The loonie was trading nearly unchanged at 1.3865 per
U.S. dollar, or 72.12 U.S. cents, after earlier touching its
weakest intraday level since May 22 at 1.3883 as USD-CAD briefly
eclipsed the August 1 peak at about 1.3880.
"Today is obviously fairly quiet. People are kind of pausing
and saying 'did yesterday mean anything?', because it was a
decent move up in USD-CAD yesterday," said Aaron Hurd, senior
portfolio manager in the currency group at State Street Global
Advisors.
"More technically oriented traders are waiting to see if it
breaks above that resistance level in USD-CAD at 1.3880, and
then we could track up to 1.40."
Canadian data on Tuesday showed a sharp deceleration in
3-month annualized measures of underlying inflation that are
closely watched by the Bank of Canada, which led to investors
raising bets on the central bank cutting interest rates over the
coming months.
Chances of a rate cut by October have climbed to roughly 70%
from 56% before the data. The BoC has been on hold since
lowering its benchmark rate to 2.75% in March.

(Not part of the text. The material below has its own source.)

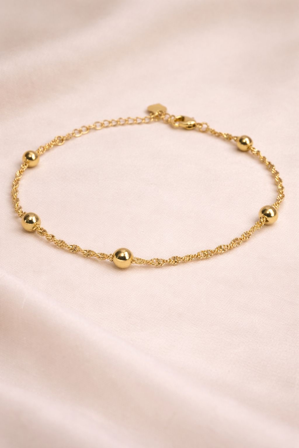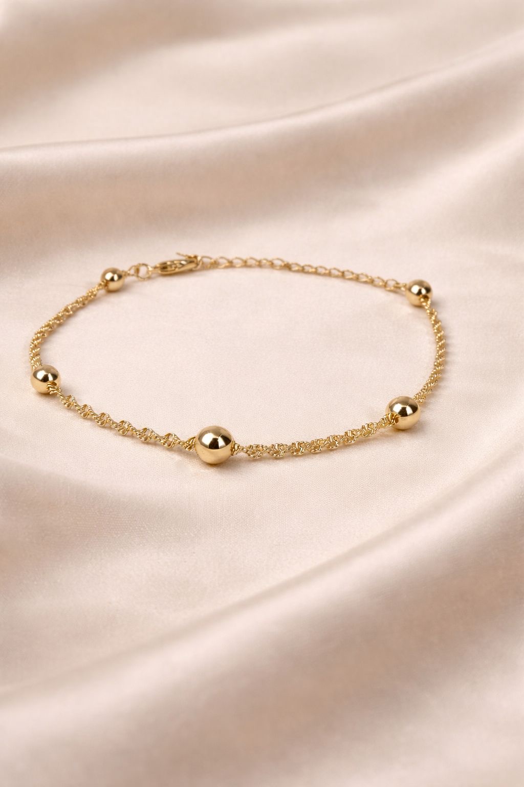 Elevate your daily ensemble with a touch of radiant texture. Crafted with a meticulous twisted rope design, this piece captures and reflects light from every angle. Five perfectly polished gold-toned spheres are spaced evenly along the chain, providing a balanced, rhythmic aesthetic that feels both contemporary and vintage-inspired.

The U.S. dollar edged lower against a basket of major
currencies as minutes from last month's Federal Reserve policy
meeting showed that "almost all" officials preferred leaving
rates unchanged. Chair Jerome Powell is expected to speak on
Friday at the annual Jackson Hole economic symposium in Wyoming.
Canadian bond yields edged lower across the curve, with the
10-year down 1.3 basis points at 3.442%.